À cet instant, nous nous immobilisâmes. On aurait dit que mon ami cherchait quelque chose qui venait juste de lui échapper. "Sûrement des mots", pensai-je. Nous reprîmes néanmoins la marche après une poignée de secondes.

- Et là, ça devient étrange... plus le type est loin, mieux je peux voir croître l'éclat blanc du jour qui perce le bout du tunnel... mais au lieu d'être contenue dans la forme de l'embouchure, elle continue d'augmenter, et mes yeux finissent par y baigner entièrement, presque comme si la sortie venait à moi... et je me réveille, encore ébloui. Bon, comme je dors les volets ouverts, dès qu'il fait jour dans ma chambre, à mon avis ça aide... Enfin voilà. C'est ce même rêve que je fais depuis des semaines."
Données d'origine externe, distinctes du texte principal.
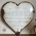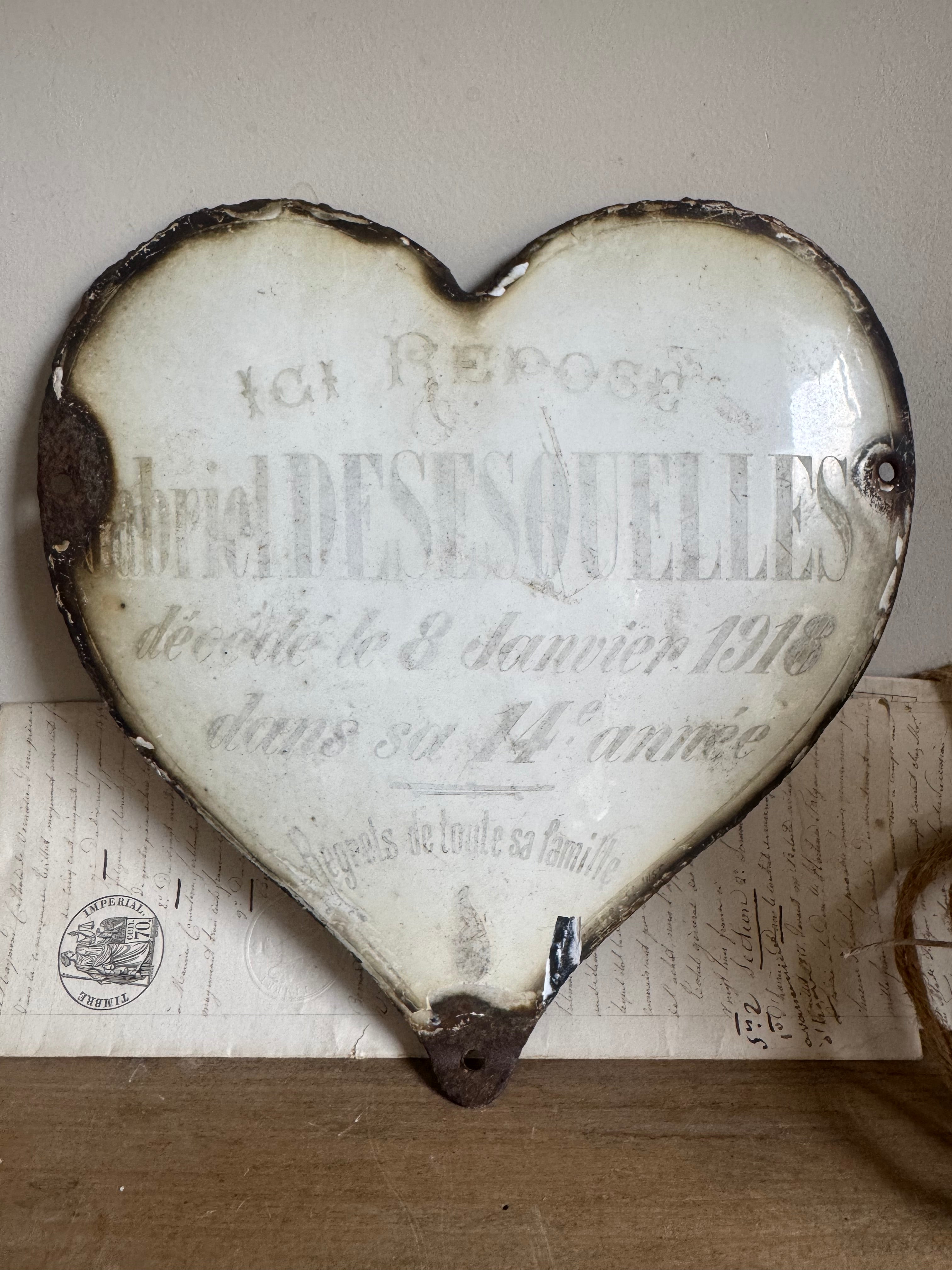 These vintage French enamel hearts, originally from a cemetery, carries a deep sense of history and sentiment. Traditionally used as a memorial marker, it features a beautifully aged patina with intricate detailing that speaks to the craftsmanship of the time. Perfect for collectors or those seeking a unique piece with a story, this heart will bring a touch of French heritage and rustic elegance to any space. Ideal for display in gardens, homes, or as part of a curated collection of antiques.

Je lui répondis qu'effectivement, son rêve sortait un peu de l'ordinaire, qu'il renfermait probablement une complexité freudienne, qu'il pourrait tenter d'en mener une analyse si ça le travaillait à ce point, mais aussi que, compte tenu qu'il s'agissait d'un rêve lucide, son développement ne me paraissait pas si fou que ça. En même temps, je me demandais d'où venait qu'il fût devenu subitement si impressionnable, lui qui en avait vu d'autres, je peux le garantir. Ce qu'il me répondit ensuite, je me souviens l'avoir entendu distinctement, car mon ami articule toujours très bien. Cela étant, je ne suis pas sûr de ne pas m'être embrouillé dans les informations. Je me contenterai donc de rapporter fidèlement cet instant de flou qui, pourtant, s'est décomposé en paroles d'une grande netteté. Ainsi, sa voix changea très légèrement, qui prit tous les accents de son enthousiasme remarquable :

- Ah oui, tu trouves? Je ne sais pas, moi il me fait un drôle d'effet, ce rêve. Déjà parce que, depuis qu'il me trotte dans la tête, je dors excessivement bien. Le matin, j'ai la mine changée, reposée, la peau comme un sou neuf, dis-donc! Et tu vois, devant mon café, je comate et j'y repense toujours un peu... chaque fois, je me fais la remarque, je me dis que ça coince... il me ressemble vraiment, ce type. Mais c'est pas moi. Ça, c'est sûr et certain. Je le sens... j'en mettrais ma main au feu. Et c'est vrai que, maintenant que je t'en cause... c'est drôle... je me demande d'où il vient, pourquoi il est là, et même ce qu'il devient, cet étrange sosie, avec son air tout apeuré, que je laisse sombrer derrière moi, après qu'il m'a remis sa torche."